The data is from GSE184462, and I want to run the cellranger-atac pipline, so the standard cellranger input file is needed, but the file uploaded by the author can only separate two fastq files with faster-dump, so I wonder if the barcode is in these two files.

ADD REPLY • link 2.6 years ago by Wakala ▴ 20

1

Entering edit mode

The SRR number led me here: SRR15999465. At the bottom of their paragraph, it gives the read structure as

Libraries were sequenced on a NextSeq500 or HiSeq4000 sequencer (Illumina) using custom sequencing primers with following read lengths: 50 + 10 + 12 + 50 (Read1 + Index1 + Index2 + Read2).

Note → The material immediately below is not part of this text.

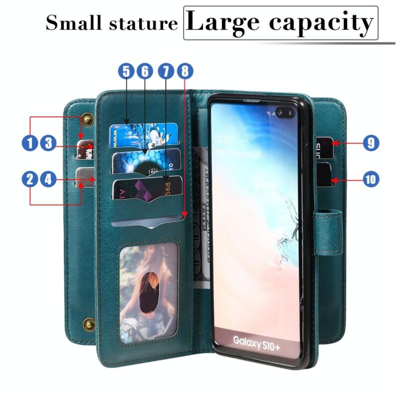 Για Samsung Galaxy S10+ Πολυλειτουργική μαγνητική χάλκινη πόρπη οριζόντια Flip αμιγές χρώμα δερμάτινη θήκη με 10 υποδοχές για κάρτες & πορτοφόλι & θήκη & κορνίζα φωτογραφιών (σκούρο μπλε)

The SRR*.1 leads me to believe this is Read 1. There is some info in the header:

@SRR15999465.1 GCGGATCGATGATACGCCGTAG:K00168:267:

The sequence GCGGATCGATGATACGCCGTAG is exactly as long as Index1 + Index2 (22 nt). I think it's a fair assumption to say Index1 is GCGGATCGAT and Index2 is GATACGCCGTAG. Without knowing more about how the libraries are prepped, that's about as far as I can go.

ADD REPLY • link 2.6 years ago by Trivas ★ 1.8k

score 0 · Answer 1 · 2022-05-11

These samples are already demultiplexed so there will be no indexes in these sequence files. If you look under the Data Access tab then you will realize that they have uploaded already demultiplexed files.

If you are referring to cell barcodes/UMI then they should be R1 file if this is a 10x dataset.

Note: As indicated by @Trivas the submitters may have moved these into the fastq headers. This would be a highly non-standard way.